## Exercise goal
Your output must be the lines below from the line containing "園庭解放・体操教室、育児相談" to the line containing "Molteplici applicazioni: include", both lines included, reproduced exactly and without pictures.

## Input data
------------
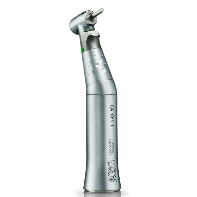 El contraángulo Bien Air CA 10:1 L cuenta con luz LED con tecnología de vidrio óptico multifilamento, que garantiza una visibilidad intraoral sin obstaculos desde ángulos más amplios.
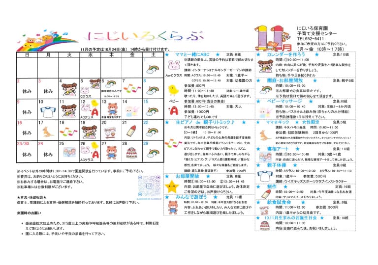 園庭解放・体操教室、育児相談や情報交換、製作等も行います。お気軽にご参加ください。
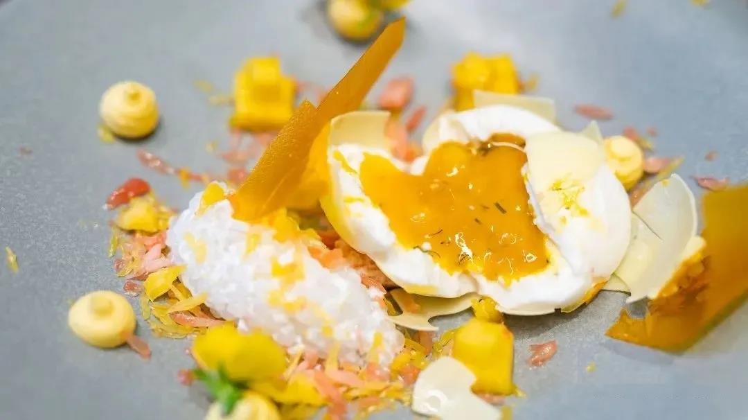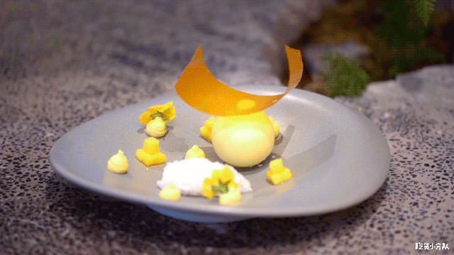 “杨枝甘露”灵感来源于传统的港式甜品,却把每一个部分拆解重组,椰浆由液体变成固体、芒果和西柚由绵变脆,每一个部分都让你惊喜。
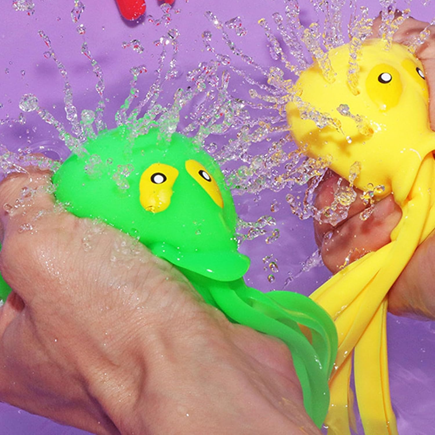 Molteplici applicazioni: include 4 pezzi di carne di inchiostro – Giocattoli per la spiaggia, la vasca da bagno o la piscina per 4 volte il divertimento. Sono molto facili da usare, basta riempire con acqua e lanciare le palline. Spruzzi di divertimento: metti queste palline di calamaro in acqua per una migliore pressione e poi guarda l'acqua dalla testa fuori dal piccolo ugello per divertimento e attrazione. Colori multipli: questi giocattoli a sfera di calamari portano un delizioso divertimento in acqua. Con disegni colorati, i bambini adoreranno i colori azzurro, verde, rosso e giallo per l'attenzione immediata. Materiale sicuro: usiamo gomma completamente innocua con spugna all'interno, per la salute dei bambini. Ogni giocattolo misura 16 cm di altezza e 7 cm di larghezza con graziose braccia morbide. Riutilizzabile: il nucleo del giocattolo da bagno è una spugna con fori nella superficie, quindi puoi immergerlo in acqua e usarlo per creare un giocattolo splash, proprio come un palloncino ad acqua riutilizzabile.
------------
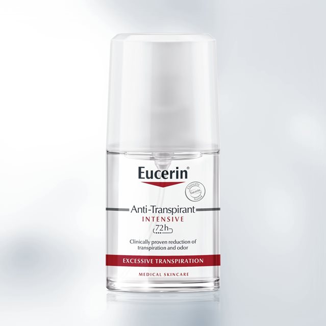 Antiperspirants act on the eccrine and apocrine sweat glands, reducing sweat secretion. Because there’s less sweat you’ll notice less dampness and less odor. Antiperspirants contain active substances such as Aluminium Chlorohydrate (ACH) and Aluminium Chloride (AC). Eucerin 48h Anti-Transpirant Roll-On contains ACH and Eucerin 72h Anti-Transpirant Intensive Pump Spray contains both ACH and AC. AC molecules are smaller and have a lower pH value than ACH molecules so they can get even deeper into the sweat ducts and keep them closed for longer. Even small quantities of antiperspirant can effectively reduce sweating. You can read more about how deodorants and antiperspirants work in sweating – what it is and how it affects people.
------------
## Reply
 園庭解放・体操教室、育児相談や情報交換、製作等も行います。お気軽にご参加ください。
 “杨枝甘露”灵感来源于传统的港式甜品,却把每一个部分拆解重组,椰浆由液体变成固体、芒果和西柚由绵变脆,每一个部分都让你惊喜。
 Molteplici applicazioni: include 4 pezzi di carne di inchiostro – Giocattoli per la spiaggia, la vasca da bagno o la piscina per 4 volte il divertimento. Sono molto facili da usare, basta riempire con acqua e lanciare le palline. Spruzzi di divertimento: metti queste palline di calamaro in acqua per una migliore pressione e poi guarda l'acqua dalla testa fuori dal piccolo ugello per divertimento e attrazione. Colori multipli: questi giocattoli a sfera di calamari portano un delizioso divertimento in acqua. Con disegni colorati, i bambini adoreranno i colori azzurro, verde, rosso e giallo per l'attenzione immediata. Materiale sicuro: usiamo gomma completamente innocua con spugna all'interno, per la salute dei bambini. Ogni giocattolo misura 16 cm di altezza e 7 cm di larghezza con graziose braccia morbide. Riutilizzabile: il nucleo del giocattolo da bagno è una spugna con fori nella superficie, quindi puoi immergerlo in acqua e usarlo per creare un giocattolo splash, proprio come un palloncino ad acqua riutilizzabile.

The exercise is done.